We train a single PPO agent with unsupervised environment design on procedurally generated MiniGrid mazes, where TRACED adaptively prioritizes training tasks. Generalization is evaluated via zero-shot transfer to selected mazes with varying layouts and difficulty.

Simple Crossing

Small Corridor

Large Corridor

Four Rooms

Sixteen Rooms

Sixteen Rooms (Fewer Doors)

Maze

Maze 2

Maze 3

Labyrinth

Labyrinth 2

Perfect Maze (Medium)

2. BipedalWalker Terrains

We train a single PPO agent using unsupervised environment design on procedurally generated BipedalWalker terrains, where each task is defined by continuous terrain parameters such as gaps, stairs, stumps, and surface roughness. TRACED adaptively prioritizes training terrains. Generalization is evaluated via zero-shot transfer to held-out terrains with distinct obstacle configurations and difficulty levels.

Basic

Hardcore

Pit Gap

Stairs

Stumps

Roughness

3. How do Curricula Evolve Over Time?

To understand how TRACED constructs curricula over time, we visualize the evolution of training levels generated by the teacher during learning. Rather than focusing solely on final performance, this analysis reveals how task difficulty and structure adapt in response to the agent’s learning progress.
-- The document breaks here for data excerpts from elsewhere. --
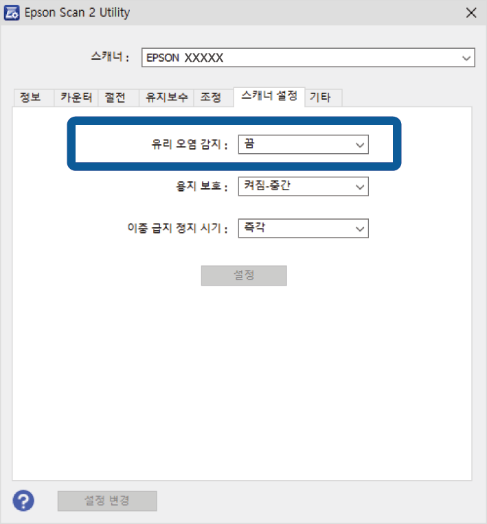 유리 오염 감지가 켬으로 설정되면 스캐너는 스캐너 내부 유리 표면의 얼룩을 감지하고 컴퓨터 화면에 알림을 표시합니다.
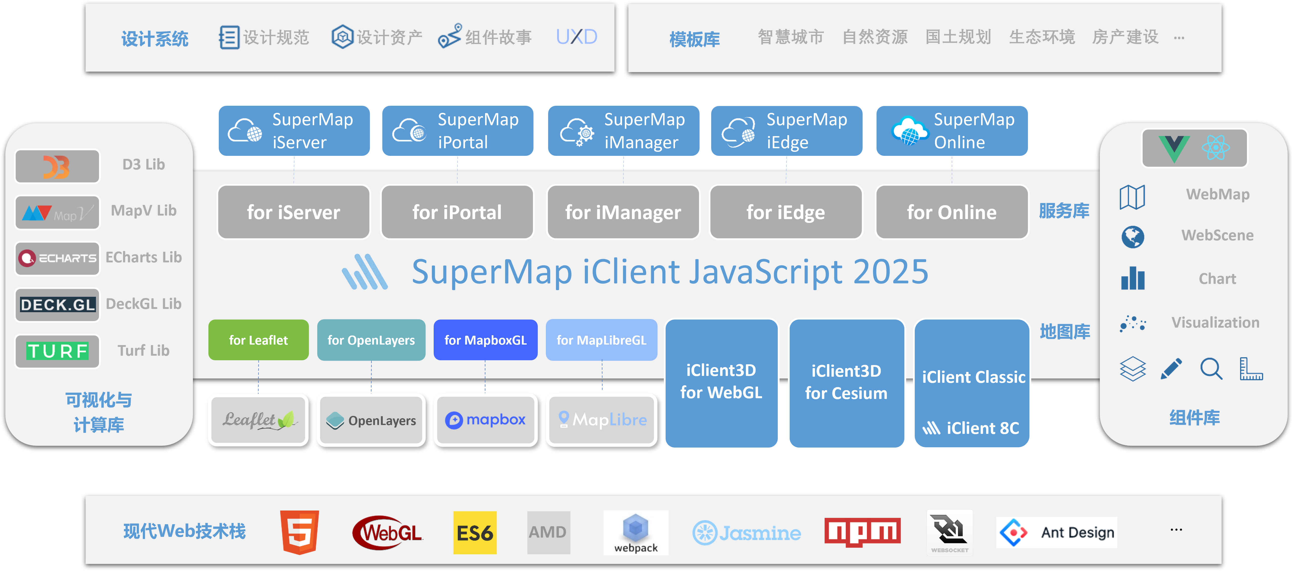 本章介绍 SuperMap iClient JavaScript 2025 的各地图基础库所支持的主要功能和服务。
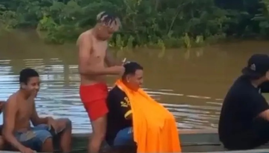 No vídeo que viralizou, Diego faz o atendimento dentro de uma canoa, enquanto três amigos remam em uma área atingida pela cheia. “À domicílio agora”, disse o barbeiro.
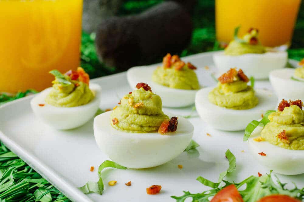 - Pipe the mixture into the eggs, garnish with chopped bacon and cilantro and serve
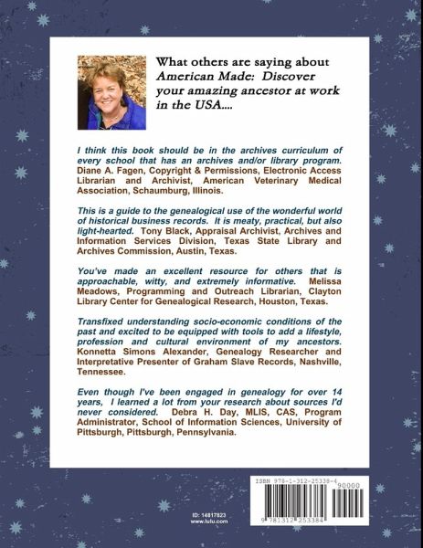 American Made: Discover your amazing ancestor at work in the USA is a light-hearted guide designed to help beginning Genealogists find ancestors using historical documents created by and about American business. American Made enlightens the reader about how historical business documents are used to prove one's pedigree and paint a colorful backstory. The guide further teaches the reader about the vast array of primary and secondary business sources available for the hunt. Most importantly, the reader learns where and how to find the good stuff, in repositories entrusted with preserving business sources online and off. American Made contains an extensive bibliography of chiefly digital sources to help the Genealogist begin the search. A tale of trial, torment, and triumph await the reader whose ancestor left a work life paper trail in search of the American Dream in American Made.
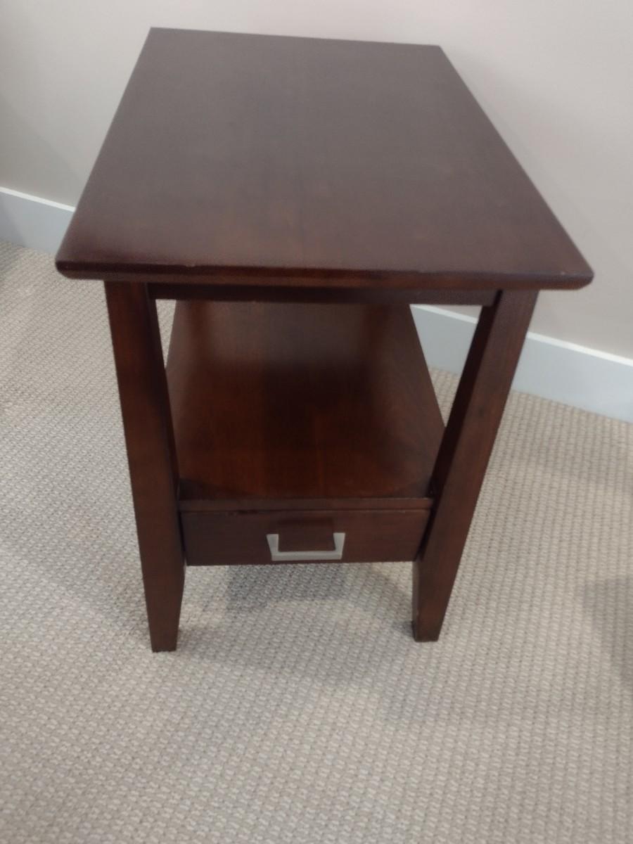 Walnut Finish Side Table with Single Drawer by Leek Home

Across both MiniGrid and BipedalWalker, TRACED progressively increases environment complexity, transitioning from simple, easily solvable tasks to more challenging and diverse ones. This behavior reflects the combined effect of transition-aware regret, which drives difficulty ramp-up, and co-learnability, which favors tasks that induce transferable learning.

MiniGrid Curriculum Evolution

Mazes evolve from simple layouts to longer paths and denser obstacles as training progresses.

BipedalWalker Curriculum Evolution

Terrains gradually introduce larger gaps, higher stairs, and rougher surfaces, matching the agent’s improving locomotion capability.